L’incident a impliqué la frégate russe Amiral Grigorovitch et un yacht immatriculé au Royaume?Uni, à environ 20 milles nautiques (environ 40 km) au sud de l’île de Wight, juste en dehors des eaux territoriales britanniques, a indiqué une source proche de la Défense britannique à l’AFP.
Selon le ministère russe de la Défense, l’incident survenu mardi « à 12H45 » s’est produit car le yacht « Bright Future » s’approchait « dangereusement » de la frégate.
« Nous enquêtons sur des informations faisant état d’un incident dans la Manche », a indiqué dans un communiqué un porte-parole du ministère britannique de la Défense.
Selon la source proche de la Défense britannique, il s’agit d’un incident isolé, sans lien avec l’interception dimanche par des commandos britanniques d’un pétrolier soupçonné de faire partie de la flotte fantôme russe dans la même zone de la Manche.
L’incident coïncide également avec le sommet à Evian, en France, des dirigeants du G7, qui ont convenu mardi d’intensifier la pression sur la Russie pour mettre fin à plus de quatre années de guerre en Ukraine.
Selon le ministère russe de la Défense, « pour attirer l’attention de l’équipage du yacht, des fusées éclairantes et des signaux sonores ont été lancés.

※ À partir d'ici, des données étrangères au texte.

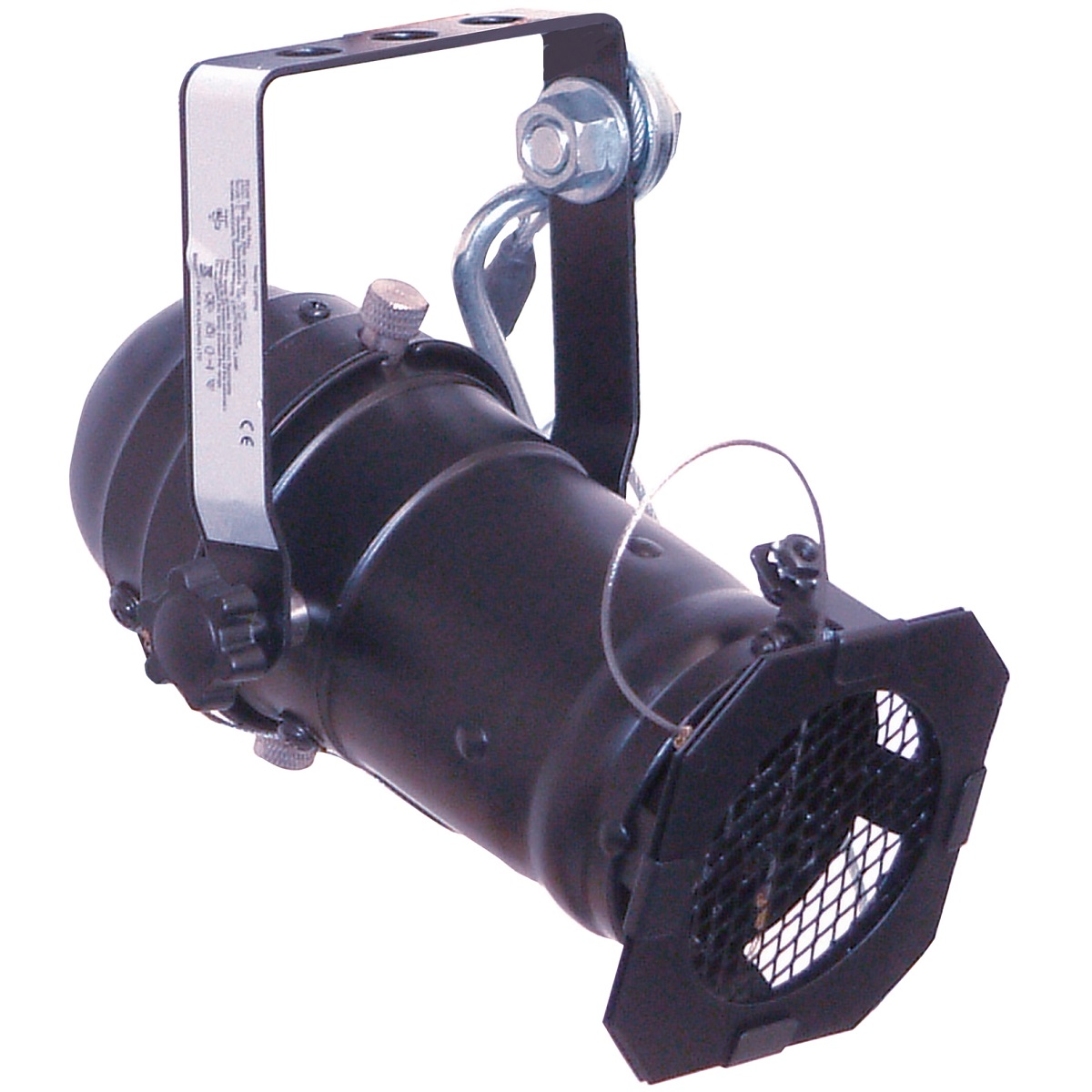 Professional Par 16 can with lamp retaining ring, GU10 mains type lamp holder and filter frame holder and easy adjust bracket

Malgré ces mesures, le navire a continué de s’approcher dangereusement. Quand la distance (entre les deux navires, ndlr) est passée en dessous de 150 mètres, le commandant de la frégate a décidé d’ouvrir le feu préventivement sur le navire avec des armes de petit calibre ».
« Le yacht (…) a alors changé immédiatement de cap et s’est éloigné du navire de guerre russe », a poursuivi le ministère russe.
– Aucun blessé –
Pour sa part, la source proche de la Défense britannique a indiqué que le navire de guerre russe, qui était surveillé par un patrouilleur de la marine britannique au moment de l’incident, se situait à environ 450 mètres du yacht.

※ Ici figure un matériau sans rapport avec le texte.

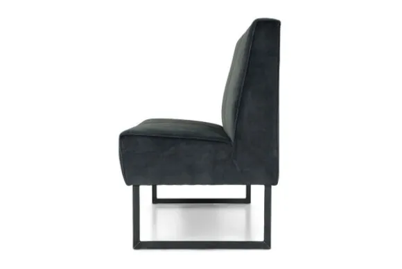 Deze eetkamerbank komt met een geknepen naad, metalen sledepoten, gladde rugleuning en dichte voor- en achterkant. Deze eetbank wordt geleverd met een extra steunpoot in het midden vanaf een breedte van 220 cm tot 250 cm, vanaf 250 cm komt er een extra sledepoot in het midden.

Aucun blessé ni dommage n’ont été constatés après une visite de contrôle d’un autre bateau militaire, le HMS Tyne, a ajouté la même source.
Le Telegraph avait rapporté en mai que l’Amiral Grigorovitch patrouillait au large des côtes britanniques depuis près de deux mois, escortant des pétroliers appartenant à la flotte fantôme russe – utilisée pour contourner les sanctions – dans la Manche.

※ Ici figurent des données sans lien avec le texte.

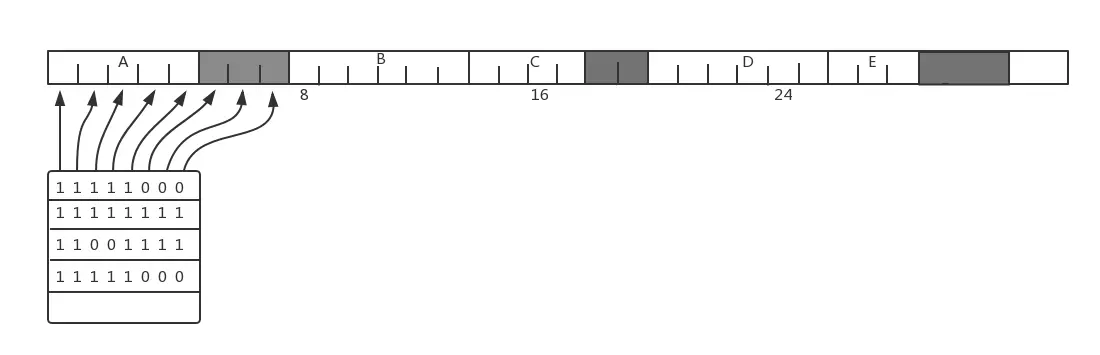 位图的缺点是如果想要调入一个占 k 个分配单元的进程,必须搜索位图,找出有 k 个连续 0 的串。查找位图中指定长度的连续 0 串的操作很耗时。

La marine britannique avait auparavant indiqué avoir déployé plusieurs patrouilleurs pour surveiller le navire, affirmant qu’ il n’y avait « pas un seul jour » en avril où la frégate n’était pas « étroitement surveillée ». Selon elle, l’Amiral Grigorovitch escortait des navires battant pavillon russe « vers et depuis l’Atlantique, la Méditerranée et la Baltique » .
Les forces britanniques ont intercepté dimanche, avec la collaboration de la France, le pétrolier de la flotte fantôme russe Smyrtos dans la Manche, la « première opération de ce type » après que Londres a autorisé en mars l’arraisonnement de ces navires par ses forces armées.
Selon des images diffusées par le ministère de la Défense, des commandos de la marine sont montés à bord du navire à la faveur de l’obscurité en descendant suspendus à des cordes depuis un hélicoptère.
Le capitaine du pétrolier Ajay Pant, de nationalité indienne, a été inculpé lundi pour n’avoir pas respecté les sanctions britanniques à l’encontre de la flotte fantôme, a indiqué l’Agence nationale de lutte contre la criminalité du Royaume?Uni.
Il a comparu mardi devant le tribunal de Southampton, dans le sud de l’Angleterre, à distance depuis le poste de police de Bournemouth (sud), et a simplement confirmé son identité et son adresse en Inde.
Une audience a été fixée à Bournemouth le 16 juillet, et il a été placé en détention provisoire d’ici là.
Le navire demeure ancré au large de Weymouth, non loin de là.